Current Ratio is growing?

The Current Ratio compares a company's current assets to its current liabilities and indicates its ability to pay short-term obligations.

Historical Current Ratio of Avery Dennison (AVY)

The Current Ratio for Avery Dennison (AVY) increased from 0.9936 in 2022 to 1.0357 in 2023. This signifies an improvement in the company's liquidity position, enhancing its capability to cover short-term liabilities with its short-term assets. Despite the increase, it's critical to note that AVY's Current Ratio remains below the industry median of 1.4818, suggesting that although there is improvement, the company still lags behind industry standards in terms of liquidity. Historically, AVY has had periods where its Current Ratio was above 1, but it often fluctuated around this threshold, highlighting a recurring liquidity constraint. Therefore, this trend is positive, and according to Piotroski’s analysis criteria, it adds 1 point to AVY. However, further improvement is advisable for stronger alignment with industry benchmarks.

Number of shares not diluted?

Change in Shares Outstanding is an important indicator in the Piotroski Score and it checks if the company did a share buyback or issued new shares.

Historical outstanding shares of Avery Dennison (AVY)

Between 2022 and 2023, Avery Dennison's outstanding shares have decreased from 81,600,000 to 80,700,000, giving a positive indication. This reduction signifies a 1.11% decrease, suggesting a stock buyback which indicates the company's strong confidence in its future earnings and performance. Historically, Avery Dennison has shown fluctuations in its outstanding shares over the past two decades, peaking at 106,800,000 shares in 2009 and reducing steadily since then.

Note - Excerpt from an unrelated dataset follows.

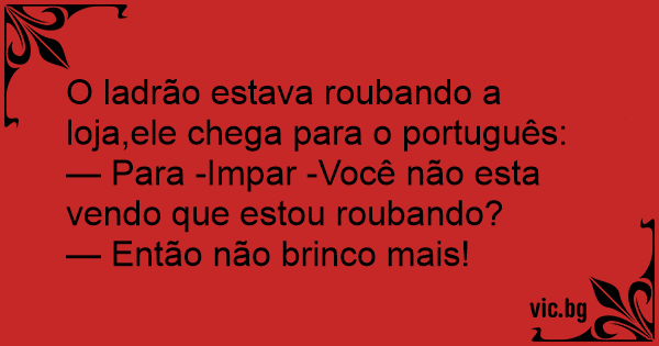 O ladrão estava roubando a loja,ele chega para o português:

This continuing trend of share buybacks is generally seen as a positive sign by investors and contributes to increasing shareholder value.

Operating of Avery Dennison (AVY)

Cross Margin is growing?

The change in gross margin evaluates the difference in a company's gross profit as a percentage of revenue between two periods. It's crucial as it indicates a company's production efficiency and pricing strategy.

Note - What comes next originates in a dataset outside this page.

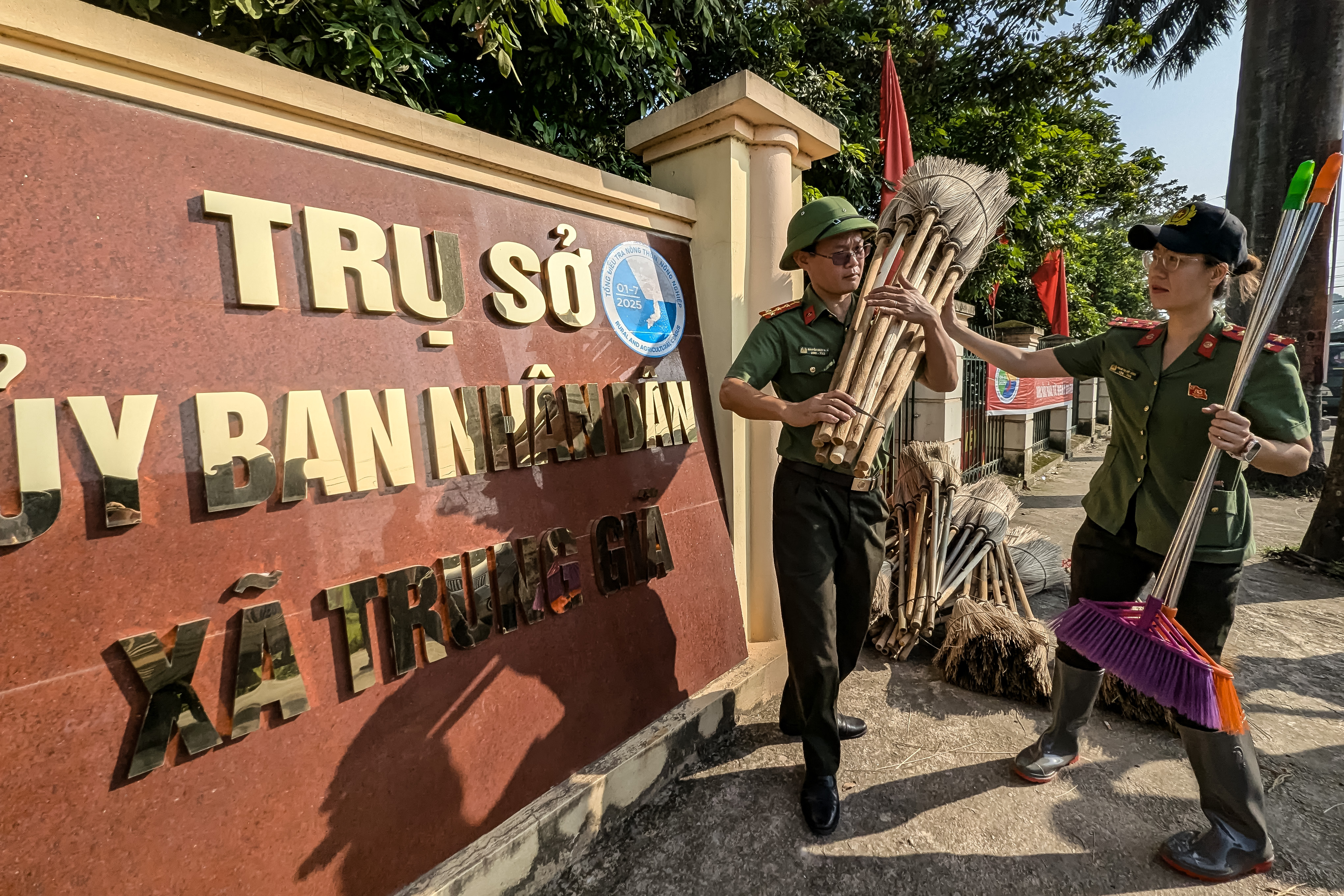 Chuyện giản dị mà xúc động khi hàng trăm cán bộ, chiến sỹ Công an Thủ đô dọn dẹp sau lũ giúp người dân xã Trung Giã

Historical gross margin of Avery Dennison (AVY)

The gross margin for Avery Dennison (AVY) has increased from 0.2660 in 2022 to 0.2723 in 2023. This is a positive trend, signaling an improvement in operational efficiency or cost management. This uptick translates to a score of 1 point according to the Piotroski analysis. However, when comparing to the industry median, Avery Dennison's gross margin remains below the industry median of 0.3264 in 2023. Over the last 20 years, the company has consistently had a lower gross margin compared to the industry median, indicating potential competitive disadvantages or higher production costs in relation to peers. This is a good resolution for the specific criterion but warrants careful observation against industry standards.

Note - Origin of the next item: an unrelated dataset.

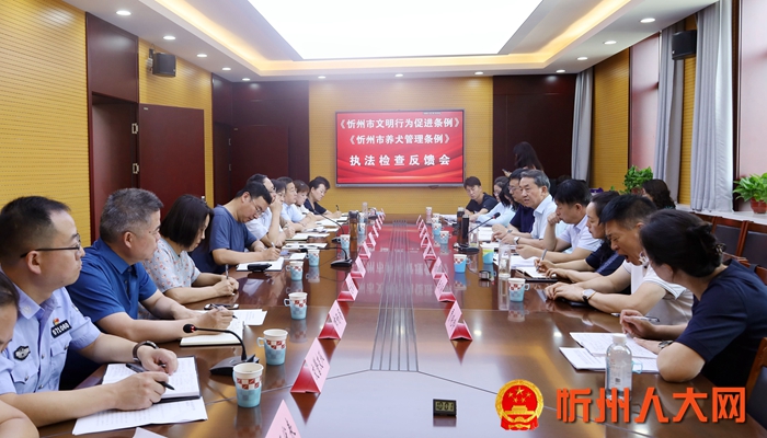 本网讯 (记者 黄金龙)7月13日上午,市人大教科文卫委员会组织召开《忻州市文明行为促进条例》和《忻州市养犬管理条例》(以下简称两个《条例》)执法检查反馈会,市人大教科文卫委员会主任委员王永秀主持会议,执法检查组成员、市委宣传部副部长、文明办主任葛小树反馈执法检查情况。

Asset Turnover Ratio is growing?

Asset Turnover measures a company's efficiency at using its assets to generate revenue. It's calculated by dividing sales by total assets.

Historical asset turnover ratio of Avery Dennison (AVY)

In 2023, Avery Dennison (AVY) reported an Asset Turnover of 1.0352, down from 1.1354 in 2022. This 8.83% decrease indicates reduced efficiency in asset utilization. Historically, AVY’s Asset Turnover ranged from 1.2278 (2003) to 1.4271 (2016), showing fluctuations. The decline seen in 2023 marks a low point in 20 years, suggesting potential operational challenges. Consequently, for the Piotroski score, this criterion receives a 0.